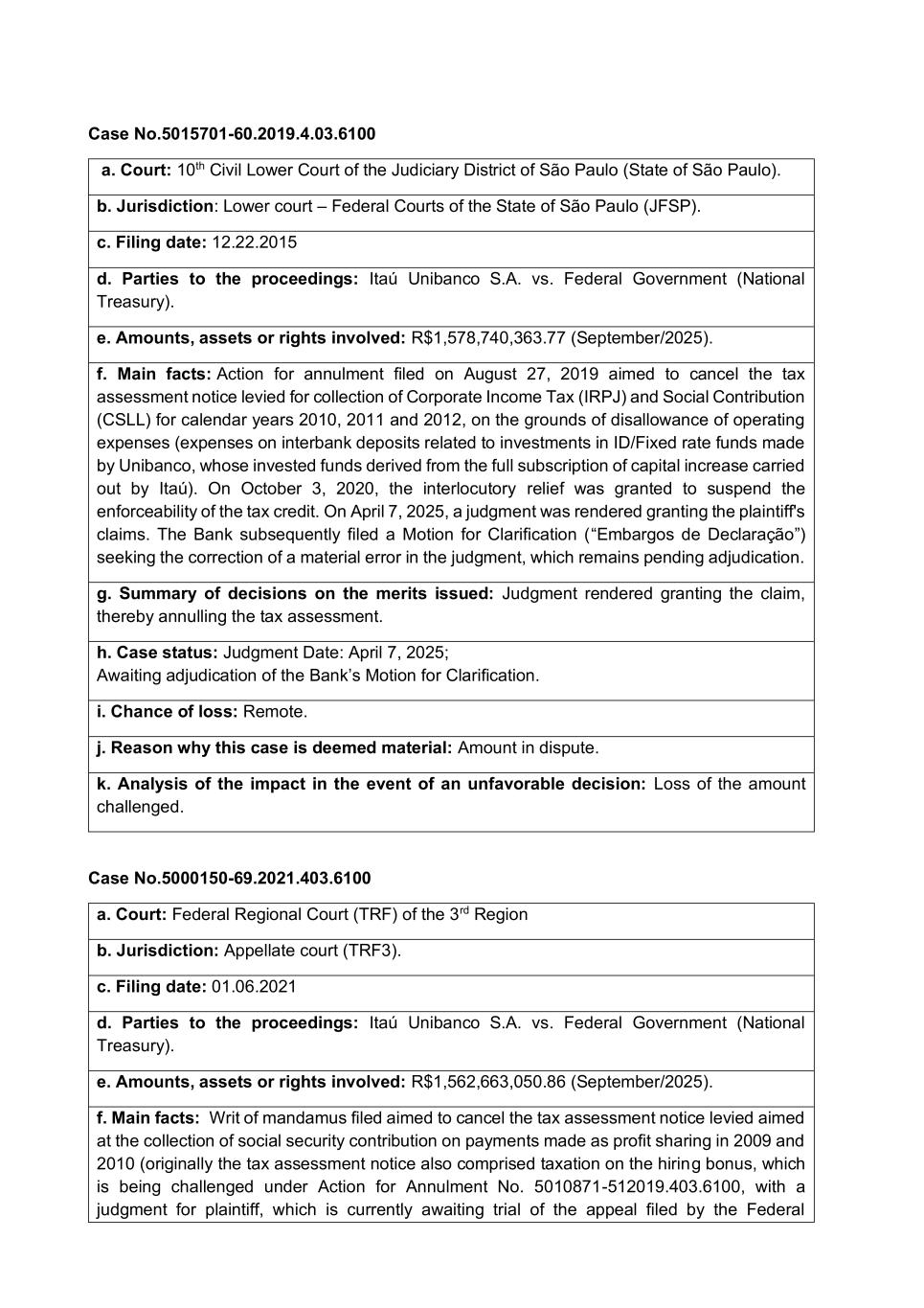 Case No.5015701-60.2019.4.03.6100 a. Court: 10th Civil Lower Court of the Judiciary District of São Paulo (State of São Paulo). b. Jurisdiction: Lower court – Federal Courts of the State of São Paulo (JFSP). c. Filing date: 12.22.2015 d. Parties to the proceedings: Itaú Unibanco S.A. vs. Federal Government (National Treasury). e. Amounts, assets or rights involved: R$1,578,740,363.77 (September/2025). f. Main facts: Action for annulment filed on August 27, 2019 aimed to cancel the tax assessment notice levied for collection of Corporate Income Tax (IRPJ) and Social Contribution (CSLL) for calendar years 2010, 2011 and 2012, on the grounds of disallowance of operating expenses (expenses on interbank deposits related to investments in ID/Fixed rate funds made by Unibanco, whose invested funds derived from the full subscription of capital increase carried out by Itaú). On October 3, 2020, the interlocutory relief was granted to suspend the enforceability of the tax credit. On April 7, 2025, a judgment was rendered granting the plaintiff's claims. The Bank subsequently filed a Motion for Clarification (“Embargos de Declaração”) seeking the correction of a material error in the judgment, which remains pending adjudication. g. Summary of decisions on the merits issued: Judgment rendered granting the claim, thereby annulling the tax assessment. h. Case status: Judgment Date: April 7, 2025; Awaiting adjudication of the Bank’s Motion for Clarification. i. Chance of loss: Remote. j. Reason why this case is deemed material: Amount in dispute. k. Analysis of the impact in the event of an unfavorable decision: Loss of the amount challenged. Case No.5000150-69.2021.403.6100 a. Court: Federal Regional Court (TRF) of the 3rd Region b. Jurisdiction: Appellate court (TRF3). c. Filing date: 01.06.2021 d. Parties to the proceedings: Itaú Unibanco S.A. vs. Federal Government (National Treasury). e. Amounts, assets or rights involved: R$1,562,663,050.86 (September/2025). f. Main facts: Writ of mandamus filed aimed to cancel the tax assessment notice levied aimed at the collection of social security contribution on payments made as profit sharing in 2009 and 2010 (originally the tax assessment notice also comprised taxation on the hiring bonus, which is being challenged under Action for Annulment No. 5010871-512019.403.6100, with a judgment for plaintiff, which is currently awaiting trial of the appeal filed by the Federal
----------
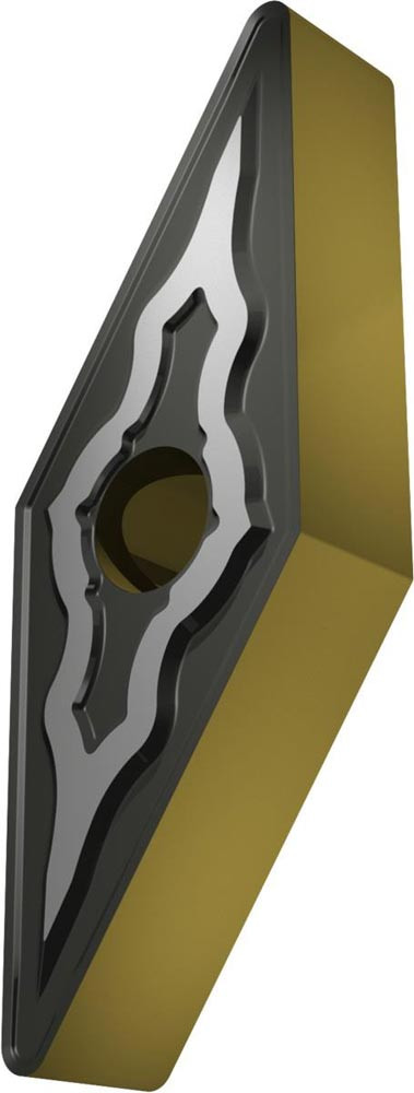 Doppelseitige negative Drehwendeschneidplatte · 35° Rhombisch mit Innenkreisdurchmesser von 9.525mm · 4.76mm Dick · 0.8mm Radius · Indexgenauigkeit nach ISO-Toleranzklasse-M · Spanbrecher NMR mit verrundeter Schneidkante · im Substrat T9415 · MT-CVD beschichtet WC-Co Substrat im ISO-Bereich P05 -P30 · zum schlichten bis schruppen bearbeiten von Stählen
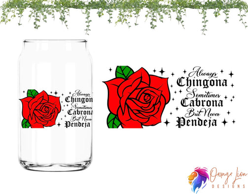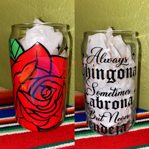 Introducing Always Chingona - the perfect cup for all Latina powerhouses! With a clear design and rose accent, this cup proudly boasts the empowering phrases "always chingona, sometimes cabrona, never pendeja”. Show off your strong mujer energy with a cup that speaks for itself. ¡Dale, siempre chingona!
----------
§ WORK REQUIRED:
Copy word for word the span of the records above that begins at the line with "Doppelseitige negative Drehwendeschneidplatte" and ends at the line with "Introducing Always Chingona", including those two lines but not the pictures.

§ PROBLEM SOLUTION:
 Doppelseitige negative Drehwendeschneidplatte · 35° Rhombisch mit Innenkreisdurchmesser von 9.525mm · 4.76mm Dick · 0.8mm Radius · Indexgenauigkeit nach ISO-Toleranzklasse-M · Spanbrecher NMR mit verrundeter Schneidkante · im Substrat T9415 · MT-CVD beschichtet WC-Co Substrat im ISO-Bereich P05 -P30 · zum schlichten bis schruppen bearbeiten von Stählen
 Introducing Always Chingona - the perfect cup for all Latina powerhouses! With a clear design and rose accent, this cup proudly boasts the empowering phrases "always chingona, sometimes cabrona, never pendeja”. Show off your strong mujer energy with a cup that speaks for itself. ¡Dale, siempre chingona!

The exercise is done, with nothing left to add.